Central Florida's Independent Jewish Voice

Why Bubbe, what big teeth you have!

Seeing the green scaly skin and long snouts on the characters, you might not guess at first that Ed Shankman’s latest book is about a child’s visit to his grandmother in the Sunshine State—inspired, in fact, by his own two Jewish bubbes, one assimilated and sophisticated, the other the embodiment of Yiddishkeit to her core.

“Both these women were amazingly influential in my life, taught me all kinds of stuff, and showered me with unconditional love and appreciation,” he told N.J. Jewish News. “The grandma in the story is a composite of them both.”

In My Grandma Lives in Florida, done with illustrator Dave O’Neill, adoring old ladies and gators get merrily blended through rhyme.

Why the Verona resident—a creative director at an ad agency—chose to cast alligators in this tale of family love is complicated: It has to do with the fact that Florida has lots of them, that illustrator Dave O’Neill can make even hideous creatures look cuddly, and that Shankman adores animals.

He and his wife Miriam, whom he met when he lived in Israel for two years, have cats—clearly beloved by both of them. They don’t have children, but the mindset of the young is something to which Shankman is clearly attuned. “I’m a kid myself,” he declared.
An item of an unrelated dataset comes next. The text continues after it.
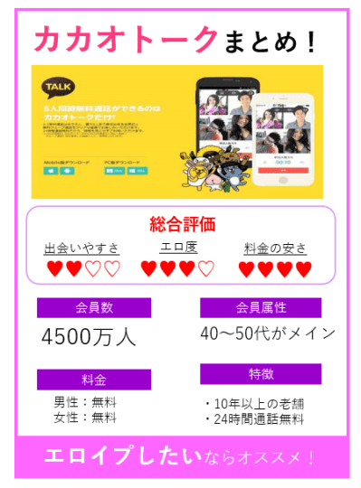 - Q出会い系で出会った子とうまく付き合うためにカカオトークは有効ですか?Aカカオトークは、出会いを探すツールではないためマッチングアプリや掲示板と組み合わせて使用するのがおすすめです。出会えた後、相手と連絡と取るためのツールとして利用すれば、プライベートで使用しているLINEなどを教える必要はありません。 面倒な相手に出会ってしまったとしてもすぐにアプリを削除できるので、トラブルに巻き込まれる危険性は減少するでしょう。

The book begins, “My grandma lives in Florida/ And that is where we go/ When daddy says he cannot stand/ Another inch of snow.”

Along with a travelogue of Florida, the book includes scenes familiar to any child who has spent a vacation with bubbe: “When we go inside, grandma gives me a kiss/ In fact, there’s no place on my face she will miss/ I may wriggle and giggle and grumble and hiss/ But only a grandma can kiss you like this.”

Shankman said he discovered the magic of rhyme while reading Dr. Seuss books as a kid—and as an adult, he confesses, “I still find them absolutely wonderful. When people compare my books to Dr. Seuss’s, I’m honored,” he said.

He wrote his first children’s story when he was 17. A teacher was scolding him for his lack of attention to work, and he answered that he didn’t need the academic stuff because he was going to be a kids’ author.

“She told me it was harder than I thought, so I wrote a story just to spite her, to prove her wrong,” he said. He wrote it that night and read it to her the next morning, in front of the class.

“She apologized to me,” he recalled.

Despite that quick start, Shankman, now 53, said it takes him and O’Neill about a year to complete a book; their other works include The Boston Balloonies, The Cods of Cape Cod, Champ and Me by the Maple Tree, The Bourbon Street Band Is Back, and I Met a Moose in Maine One Day.

However, even after sales of their latest book reached 40,000 copies, and they received enthusiastic reviews of their work along the way, Shankman admitted that his teacher was not completely wrong. It is hard to make a living as a children’s book author, and he has no plans to give up his day job any time soon.

In the meantime, he loves his work at the ad agency, bringing out the creativity in other people, but asked if he’d switch to writing kids’ books full-time if he could, Shankman replied, “In a heartbeat.”